• _Work required_: Using the listing below, give again exactly the lines from the line with "4.每位应聘人员最多可申请1" to the line with "اطلاع رسانی برگزاری", inclusive, without the pictures.

• _Materials provided_:
========

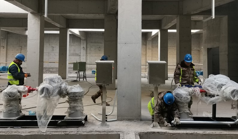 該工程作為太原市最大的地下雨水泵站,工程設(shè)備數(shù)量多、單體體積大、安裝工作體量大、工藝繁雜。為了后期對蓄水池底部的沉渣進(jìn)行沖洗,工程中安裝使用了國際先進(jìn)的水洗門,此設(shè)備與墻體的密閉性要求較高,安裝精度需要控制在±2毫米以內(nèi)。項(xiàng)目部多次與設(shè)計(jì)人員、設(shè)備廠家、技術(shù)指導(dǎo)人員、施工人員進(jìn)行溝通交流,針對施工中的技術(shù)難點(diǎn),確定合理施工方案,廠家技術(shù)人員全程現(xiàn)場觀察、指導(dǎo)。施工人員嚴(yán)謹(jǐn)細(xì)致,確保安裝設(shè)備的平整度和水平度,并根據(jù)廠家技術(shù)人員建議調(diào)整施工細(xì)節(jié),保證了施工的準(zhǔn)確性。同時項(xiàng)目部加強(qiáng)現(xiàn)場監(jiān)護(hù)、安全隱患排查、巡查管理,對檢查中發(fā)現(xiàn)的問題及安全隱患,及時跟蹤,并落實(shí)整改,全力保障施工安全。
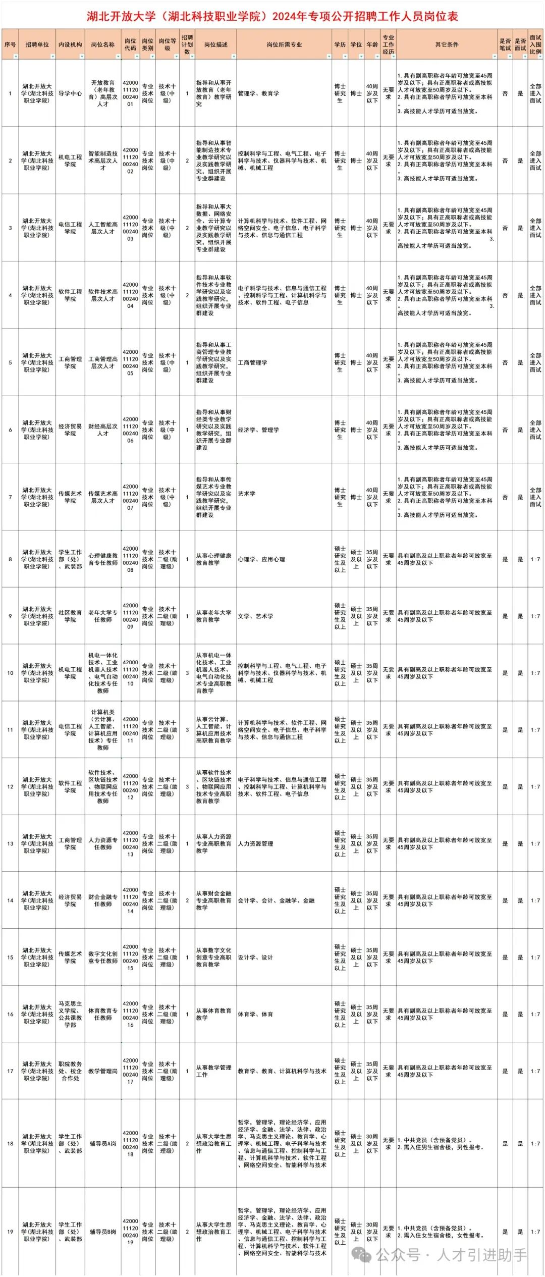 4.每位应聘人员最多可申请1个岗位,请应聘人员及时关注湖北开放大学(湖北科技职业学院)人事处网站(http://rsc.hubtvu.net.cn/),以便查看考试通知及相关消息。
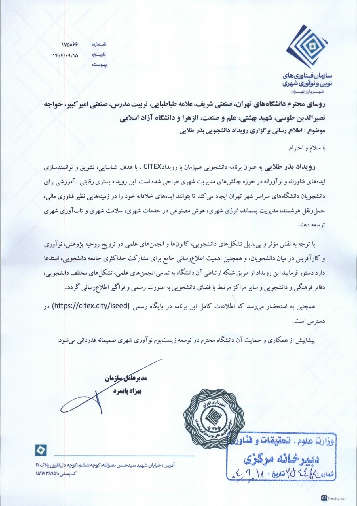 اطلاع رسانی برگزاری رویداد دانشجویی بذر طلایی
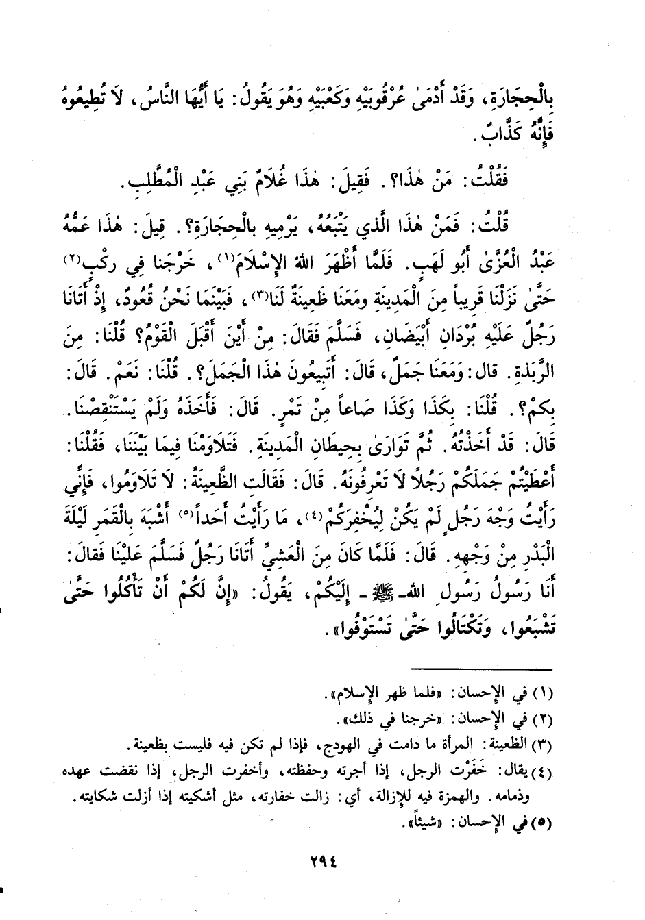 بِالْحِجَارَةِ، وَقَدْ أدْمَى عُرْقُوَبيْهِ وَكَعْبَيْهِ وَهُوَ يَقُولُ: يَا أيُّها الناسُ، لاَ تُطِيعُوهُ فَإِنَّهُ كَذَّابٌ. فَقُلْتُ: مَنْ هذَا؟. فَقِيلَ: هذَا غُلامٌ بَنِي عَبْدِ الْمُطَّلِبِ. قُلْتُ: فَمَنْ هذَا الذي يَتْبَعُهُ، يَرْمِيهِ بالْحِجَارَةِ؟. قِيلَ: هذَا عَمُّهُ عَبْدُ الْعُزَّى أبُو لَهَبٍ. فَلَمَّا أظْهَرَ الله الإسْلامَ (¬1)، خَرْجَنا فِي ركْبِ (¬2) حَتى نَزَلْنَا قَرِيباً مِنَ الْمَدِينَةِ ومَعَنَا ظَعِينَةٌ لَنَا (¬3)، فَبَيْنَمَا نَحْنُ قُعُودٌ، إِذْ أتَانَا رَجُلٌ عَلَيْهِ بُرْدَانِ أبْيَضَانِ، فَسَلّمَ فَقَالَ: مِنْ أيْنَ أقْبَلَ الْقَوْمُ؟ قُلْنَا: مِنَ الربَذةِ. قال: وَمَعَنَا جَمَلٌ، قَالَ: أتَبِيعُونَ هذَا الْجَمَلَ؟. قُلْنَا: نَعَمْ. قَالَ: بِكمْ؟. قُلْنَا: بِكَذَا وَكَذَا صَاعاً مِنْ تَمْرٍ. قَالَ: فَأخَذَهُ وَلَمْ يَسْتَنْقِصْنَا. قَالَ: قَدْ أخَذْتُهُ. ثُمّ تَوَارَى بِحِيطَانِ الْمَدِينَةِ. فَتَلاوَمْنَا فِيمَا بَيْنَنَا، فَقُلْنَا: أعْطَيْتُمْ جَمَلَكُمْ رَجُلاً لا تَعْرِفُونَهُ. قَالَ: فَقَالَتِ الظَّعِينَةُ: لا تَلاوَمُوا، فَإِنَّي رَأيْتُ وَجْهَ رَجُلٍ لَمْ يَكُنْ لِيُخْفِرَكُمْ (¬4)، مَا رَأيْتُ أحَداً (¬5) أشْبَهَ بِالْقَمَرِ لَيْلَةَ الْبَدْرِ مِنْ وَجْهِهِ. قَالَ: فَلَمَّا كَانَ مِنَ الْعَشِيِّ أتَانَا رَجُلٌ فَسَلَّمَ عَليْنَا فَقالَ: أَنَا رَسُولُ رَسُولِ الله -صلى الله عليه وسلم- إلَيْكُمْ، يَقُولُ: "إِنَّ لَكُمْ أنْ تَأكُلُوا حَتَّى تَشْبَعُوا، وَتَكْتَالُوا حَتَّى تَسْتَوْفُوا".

========

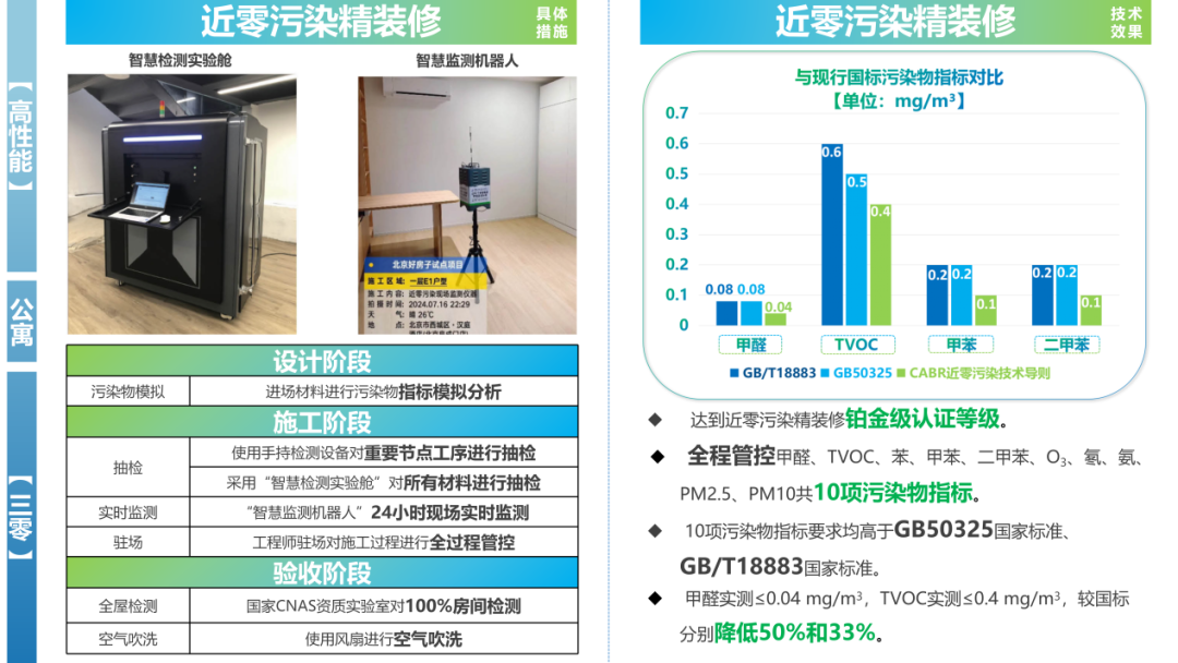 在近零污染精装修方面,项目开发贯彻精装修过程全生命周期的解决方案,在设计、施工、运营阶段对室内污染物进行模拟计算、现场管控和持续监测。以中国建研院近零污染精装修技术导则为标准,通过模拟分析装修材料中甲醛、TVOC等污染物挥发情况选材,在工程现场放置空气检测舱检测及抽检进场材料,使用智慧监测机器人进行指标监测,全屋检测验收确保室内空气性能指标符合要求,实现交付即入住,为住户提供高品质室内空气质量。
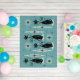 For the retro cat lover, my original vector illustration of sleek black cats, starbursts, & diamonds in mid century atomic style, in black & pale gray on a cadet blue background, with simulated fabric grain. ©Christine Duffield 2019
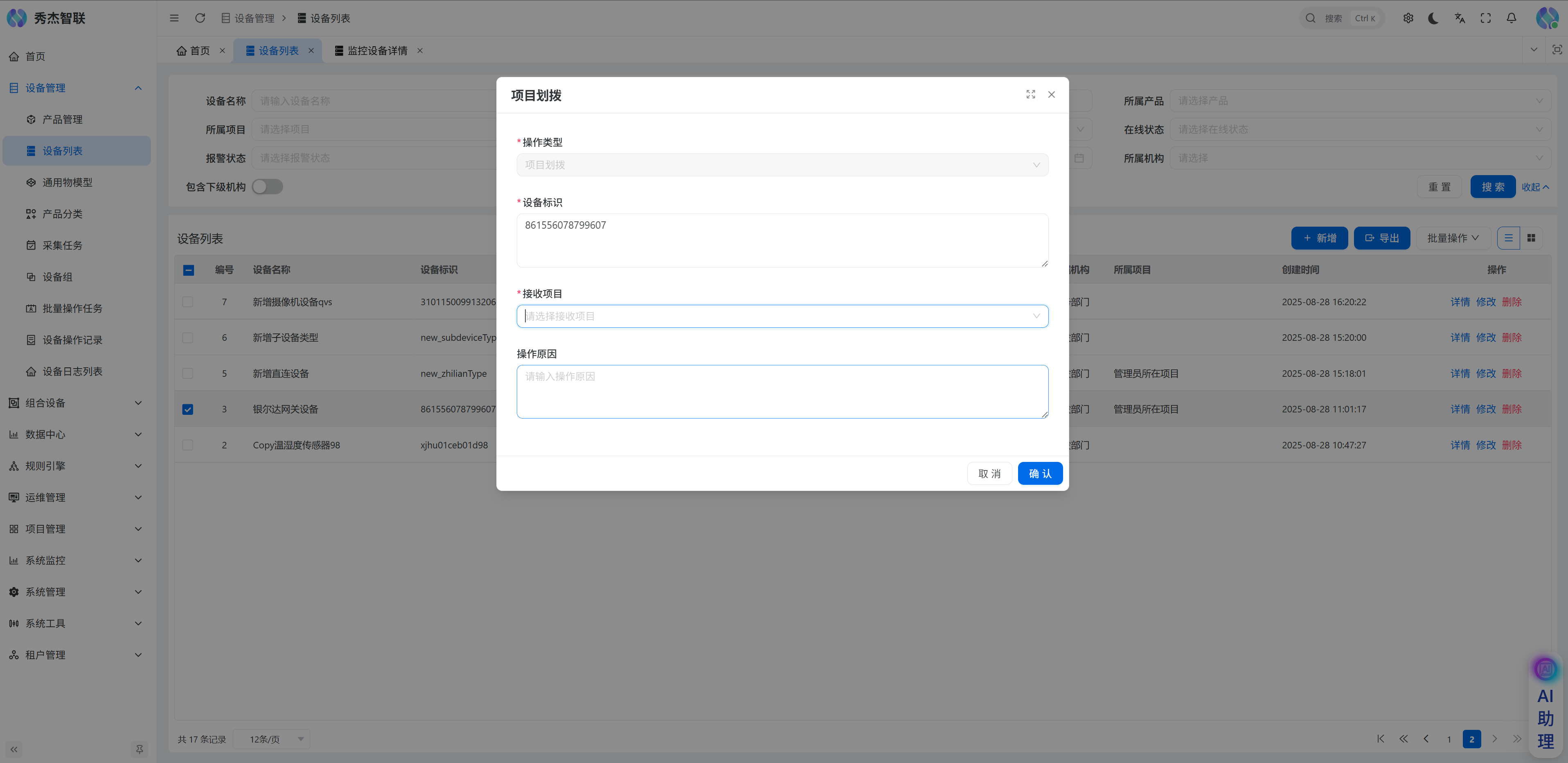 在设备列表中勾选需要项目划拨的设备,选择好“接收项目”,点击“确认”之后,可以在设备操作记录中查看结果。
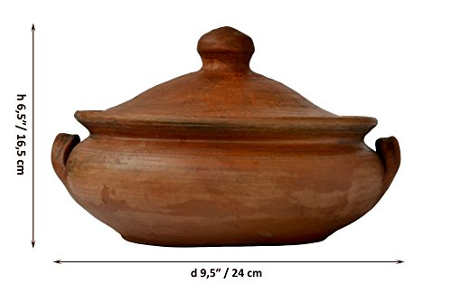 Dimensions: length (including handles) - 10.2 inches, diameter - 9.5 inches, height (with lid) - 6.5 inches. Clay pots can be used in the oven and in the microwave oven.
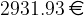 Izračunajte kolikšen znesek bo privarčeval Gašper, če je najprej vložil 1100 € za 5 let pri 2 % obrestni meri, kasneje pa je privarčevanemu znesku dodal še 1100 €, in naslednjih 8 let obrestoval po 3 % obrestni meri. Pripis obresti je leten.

========

• _Response area_:
 4.每位应聘人员最多可申请1个岗位,请应聘人员及时关注湖北开放大学(湖北科技职业学院)人事处网站(http://rsc.hubtvu.net.cn/),以便查看考试通知及相关消息。
 اطلاع رسانی برگزاری رویداد دانشجویی بذر طلایی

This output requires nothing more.